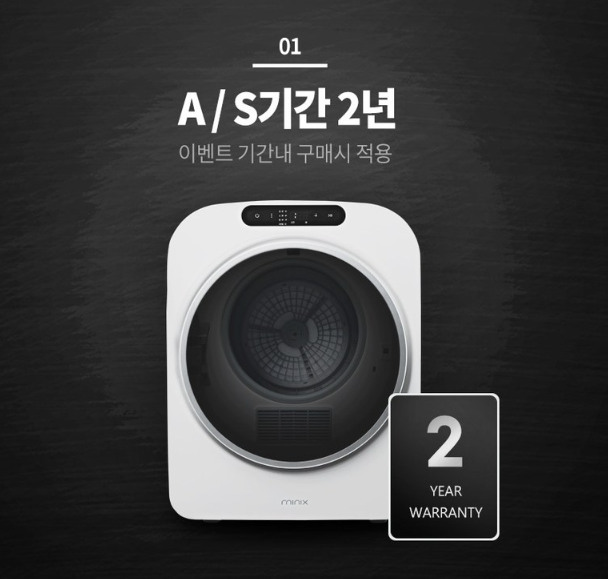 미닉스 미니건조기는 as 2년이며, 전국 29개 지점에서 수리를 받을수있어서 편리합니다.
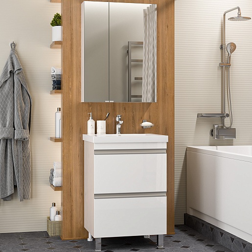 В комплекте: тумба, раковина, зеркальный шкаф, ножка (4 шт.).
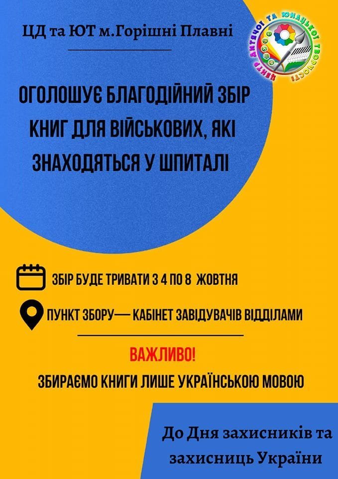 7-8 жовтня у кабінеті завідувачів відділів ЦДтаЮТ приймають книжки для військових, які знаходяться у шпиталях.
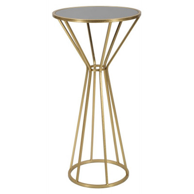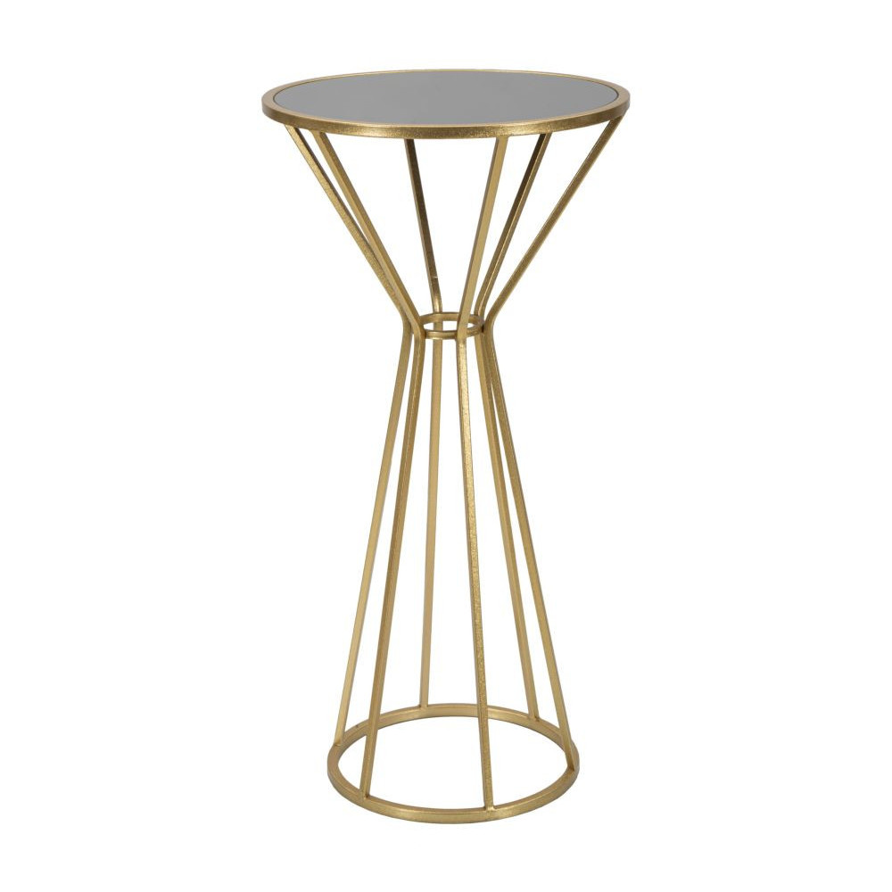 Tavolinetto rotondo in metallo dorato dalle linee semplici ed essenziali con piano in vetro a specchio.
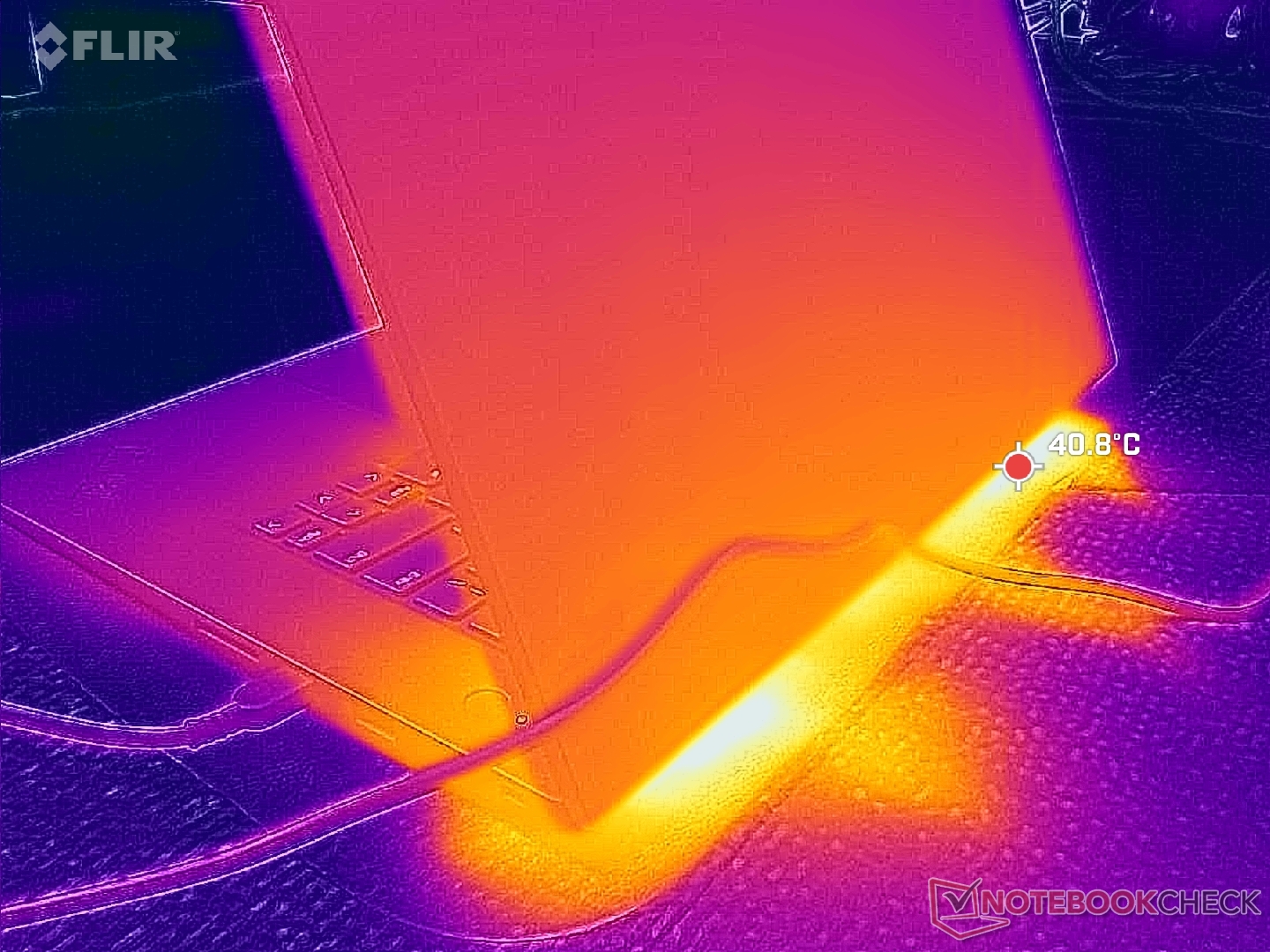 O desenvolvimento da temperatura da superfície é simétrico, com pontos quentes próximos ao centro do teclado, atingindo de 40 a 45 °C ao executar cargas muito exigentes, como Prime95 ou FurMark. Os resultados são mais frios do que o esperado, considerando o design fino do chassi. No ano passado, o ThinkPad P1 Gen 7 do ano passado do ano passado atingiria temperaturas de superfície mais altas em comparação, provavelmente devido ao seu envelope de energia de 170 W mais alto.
● ● ● ● ● ● ●
**Task requirements:**
What you write should match, word for word, the lines from the one containing "Tavolinetto rotondo in" to the end of the listing, with both ends kept and the pictures left out.

**Answer to this exercise:**
 Tavolinetto rotondo in metallo dorato dalle linee semplici ed essenziali con piano in vetro a specchio.
 O desenvolvimento da temperatura da superfície é simétrico, com pontos quentes próximos ao centro do teclado, atingindo de 40 a 45 °C ao executar cargas muito exigentes, como Prime95 ou FurMark. Os resultados são mais frios do que o esperado, considerando o design fino do chassi. No ano passado, o ThinkPad P1 Gen 7 do ano passado do ano passado atingiria temperaturas de superfície mais altas em comparação, provavelmente devido ao seu envelope de energia de 170 W mais alto.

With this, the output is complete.